• _Instructions to follow_: Without including any images, repeat the listing below exactly.

• _Collected material_:
..........
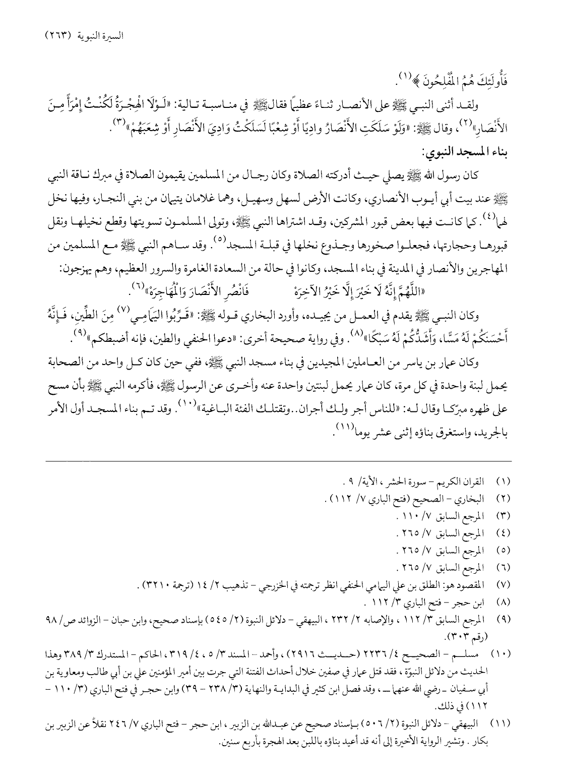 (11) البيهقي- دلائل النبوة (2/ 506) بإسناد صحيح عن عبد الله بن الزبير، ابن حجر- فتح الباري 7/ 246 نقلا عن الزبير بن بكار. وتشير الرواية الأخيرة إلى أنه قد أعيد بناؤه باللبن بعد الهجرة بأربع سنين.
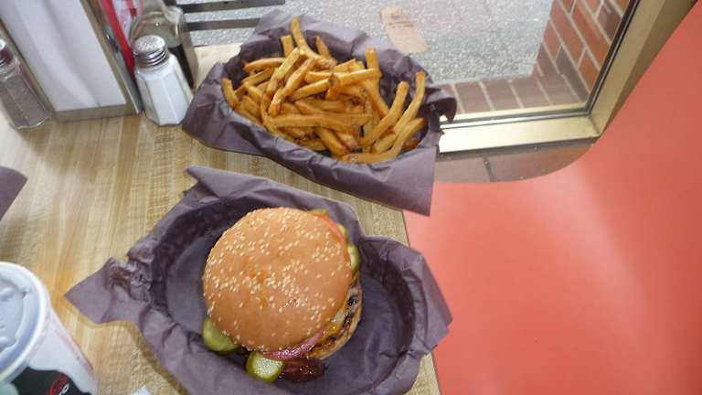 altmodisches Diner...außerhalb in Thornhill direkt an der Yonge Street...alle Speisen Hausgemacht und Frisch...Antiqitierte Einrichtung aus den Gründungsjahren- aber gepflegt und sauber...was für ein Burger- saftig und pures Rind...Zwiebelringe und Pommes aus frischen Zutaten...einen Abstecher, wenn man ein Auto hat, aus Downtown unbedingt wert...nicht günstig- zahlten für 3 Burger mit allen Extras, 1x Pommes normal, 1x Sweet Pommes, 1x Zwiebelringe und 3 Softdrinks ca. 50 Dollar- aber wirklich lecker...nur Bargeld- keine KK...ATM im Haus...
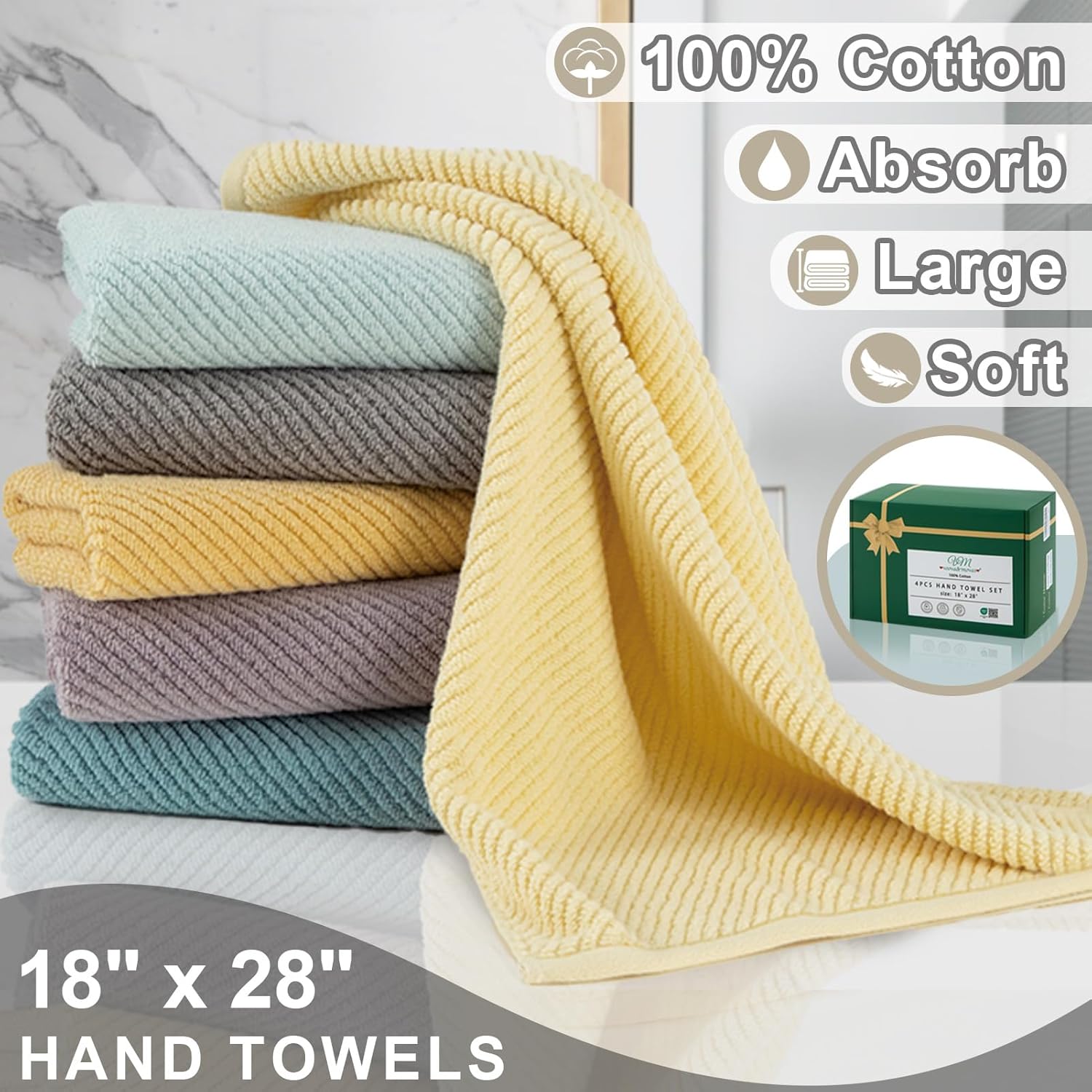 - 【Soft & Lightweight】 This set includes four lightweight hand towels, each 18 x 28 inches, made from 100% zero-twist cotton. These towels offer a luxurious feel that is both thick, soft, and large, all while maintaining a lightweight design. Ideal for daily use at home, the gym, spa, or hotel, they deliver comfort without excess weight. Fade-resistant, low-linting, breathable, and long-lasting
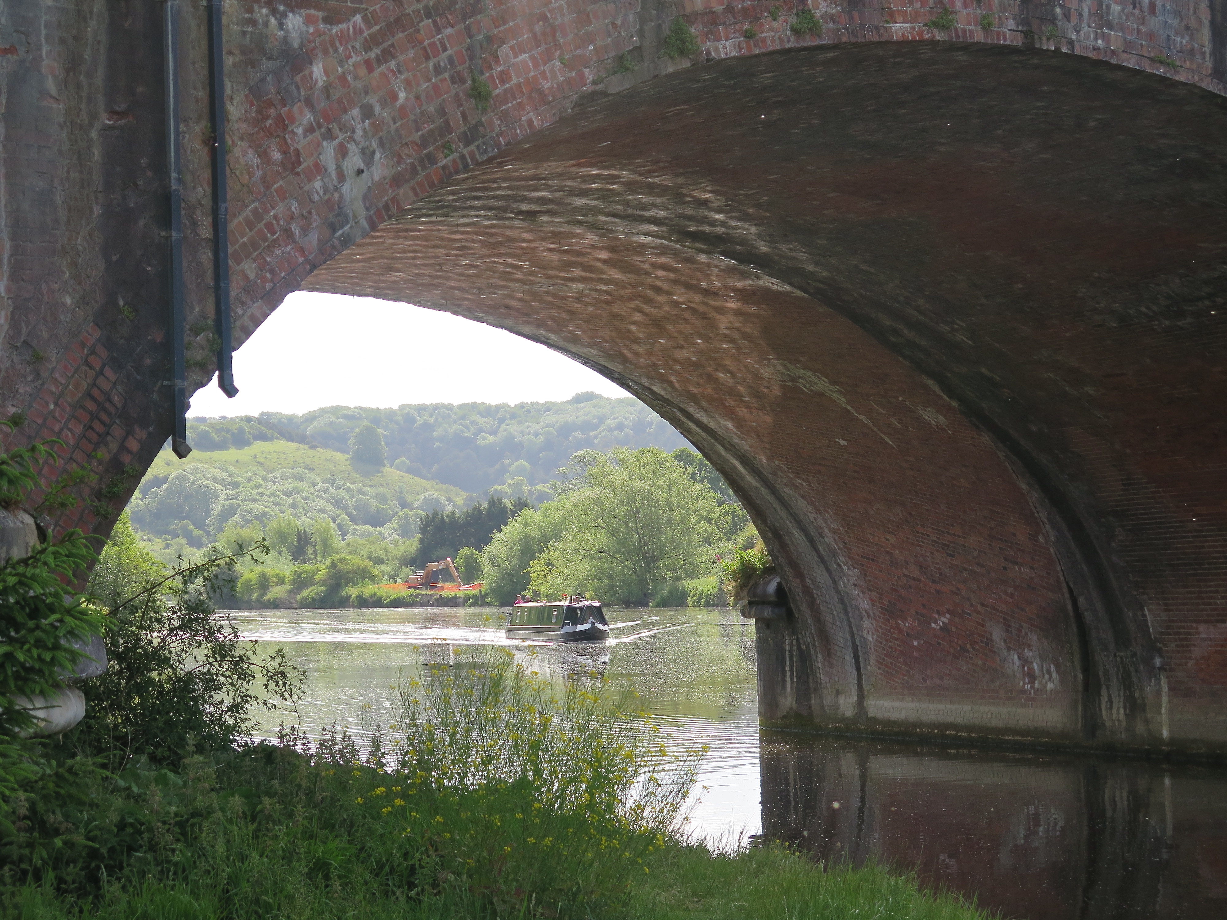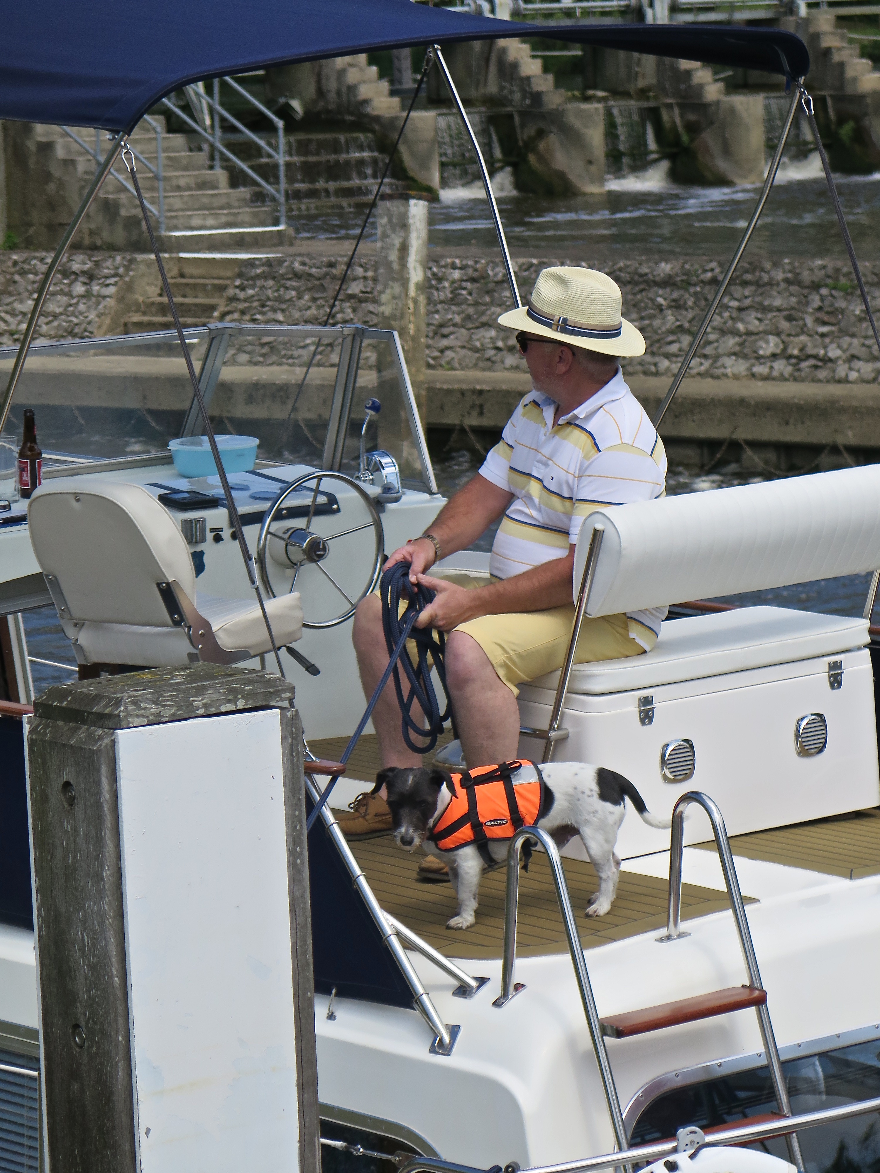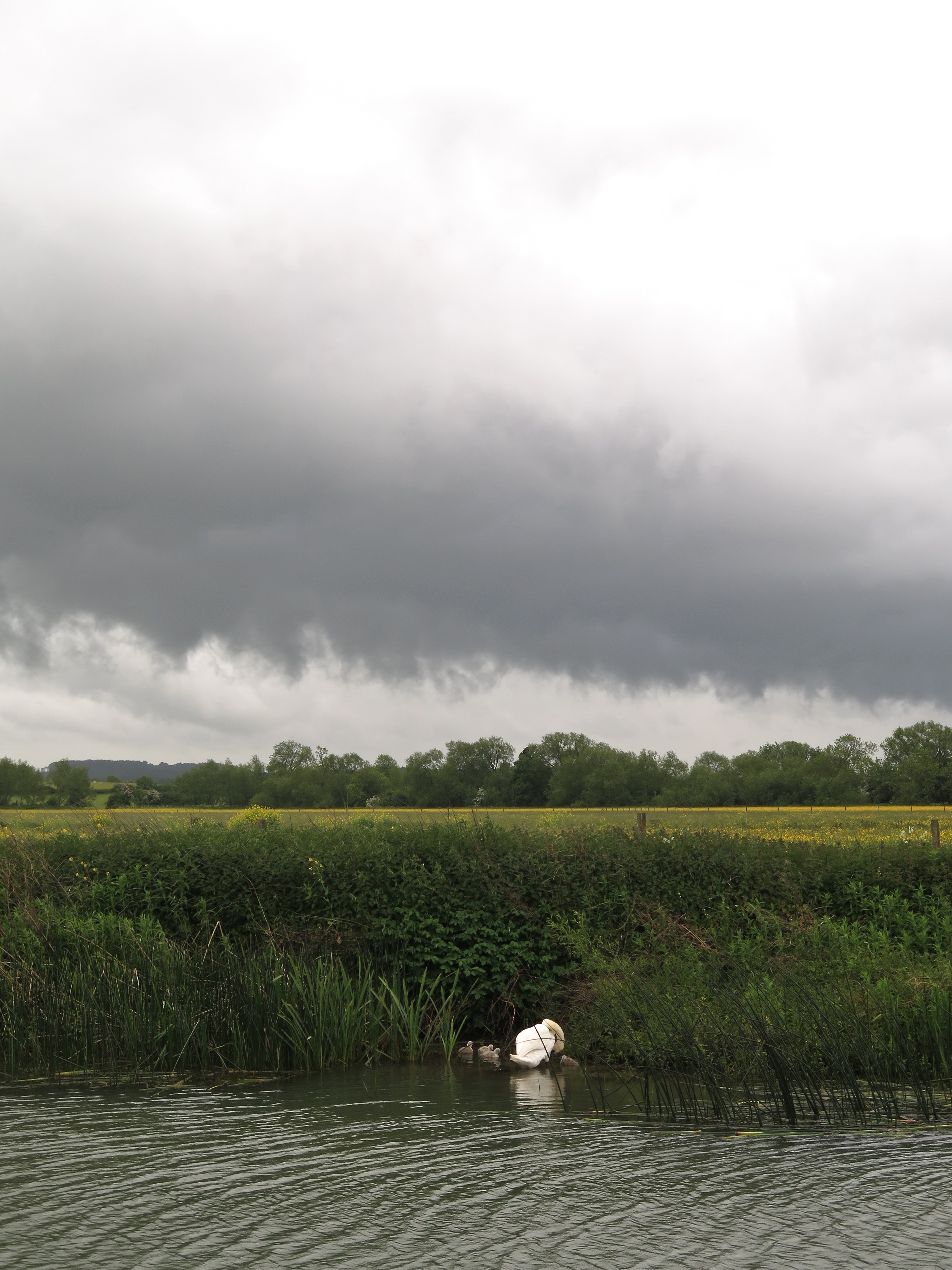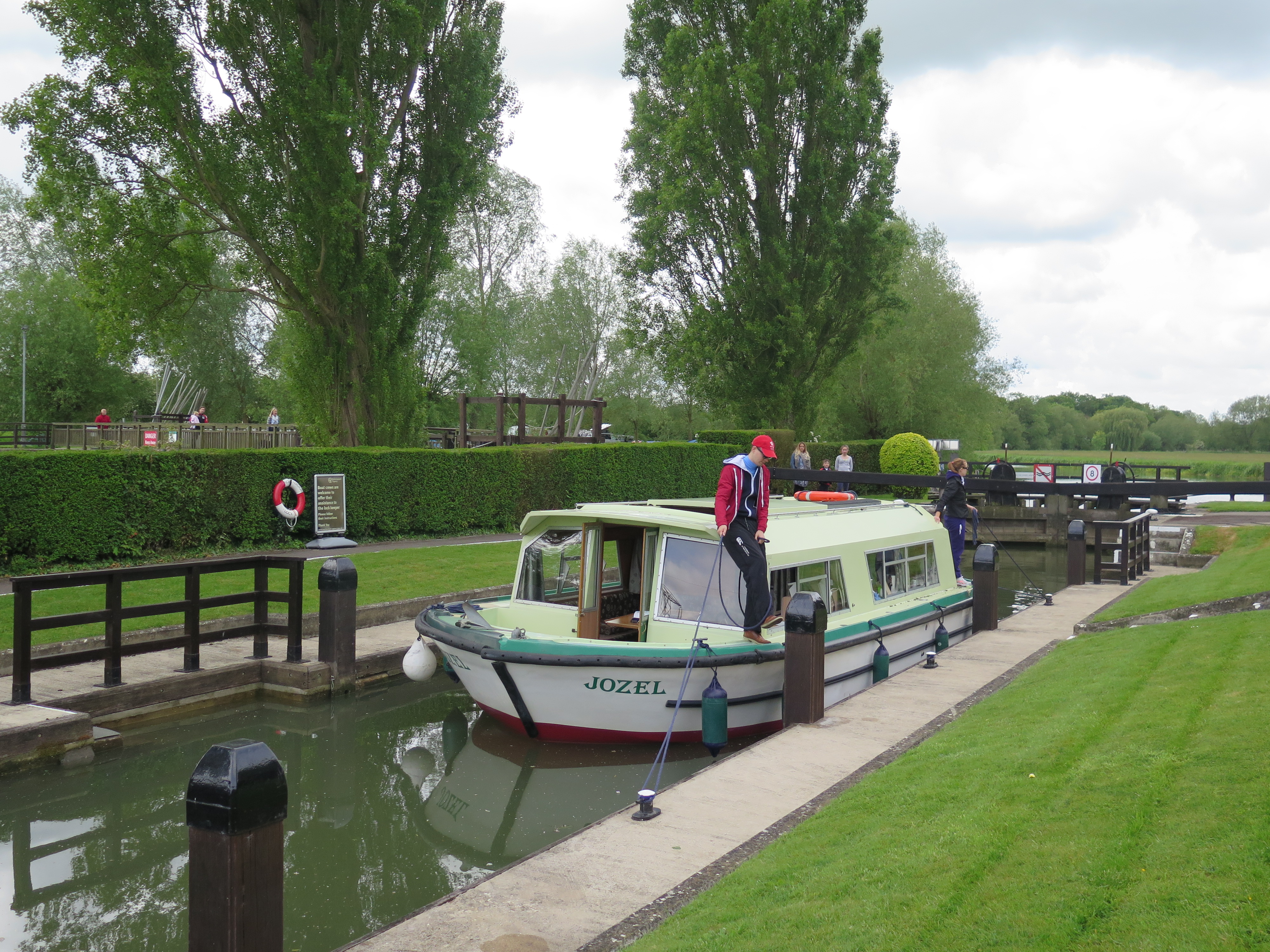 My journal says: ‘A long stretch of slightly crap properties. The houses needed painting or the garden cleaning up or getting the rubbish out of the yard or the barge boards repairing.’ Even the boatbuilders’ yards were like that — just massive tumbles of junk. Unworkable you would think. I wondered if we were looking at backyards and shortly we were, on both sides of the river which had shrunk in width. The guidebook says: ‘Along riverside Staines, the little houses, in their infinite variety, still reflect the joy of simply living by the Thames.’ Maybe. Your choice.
..........
• _Exercise output_:
 (11) البيهقي- دلائل النبوة (2/ 506) بإسناد صحيح عن عبد الله بن الزبير، ابن حجر- فتح الباري 7/ 246 نقلا عن الزبير بن بكار. وتشير الرواية الأخيرة إلى أنه قد أعيد بناؤه باللبن بعد الهجرة بأربع سنين.
 altmodisches Diner...außerhalb in Thornhill direkt an der Yonge Street...alle Speisen Hausgemacht und Frisch...Antiqitierte Einrichtung aus den Gründungsjahren- aber gepflegt und sauber...was für ein Burger- saftig und pures Rind...Zwiebelringe und Pommes aus frischen Zutaten...einen Abstecher, wenn man ein Auto hat, aus Downtown unbedingt wert...nicht günstig- zahlten für 3 Burger mit allen Extras, 1x Pommes normal, 1x Sweet Pommes, 1x Zwiebelringe und 3 Softdrinks ca. 50 Dollar- aber wirklich lecker...nur Bargeld- keine KK...ATM im Haus...
 - 【Soft & Lightweight】 This set includes four lightweight hand towels, each 18 x 28 inches, made from 100% zero-twist cotton. These towels offer a luxurious feel that is both thick, soft, and large, all while maintaining a lightweight design. Ideal for daily use at home, the gym, spa, or hotel, they deliver comfort without excess weight. Fade-resistant, low-linting, breathable, and long-lasting
 My journal says: ‘A long stretch of slightly crap properties. The houses needed painting or the garden cleaning up or getting the rubbish out of the yard or the barge boards repairing.’ Even the boatbuilders’ yards were like that — just massive tumbles of junk. Unworkable you would think. I wondered if we were looking at backyards and shortly we were, on both sides of the river which had shrunk in width. The guidebook says: ‘Along riverside Staines, the little houses, in their infinite variety, still reflect the joy of simply living by the Thames.’ Maybe. Your choice.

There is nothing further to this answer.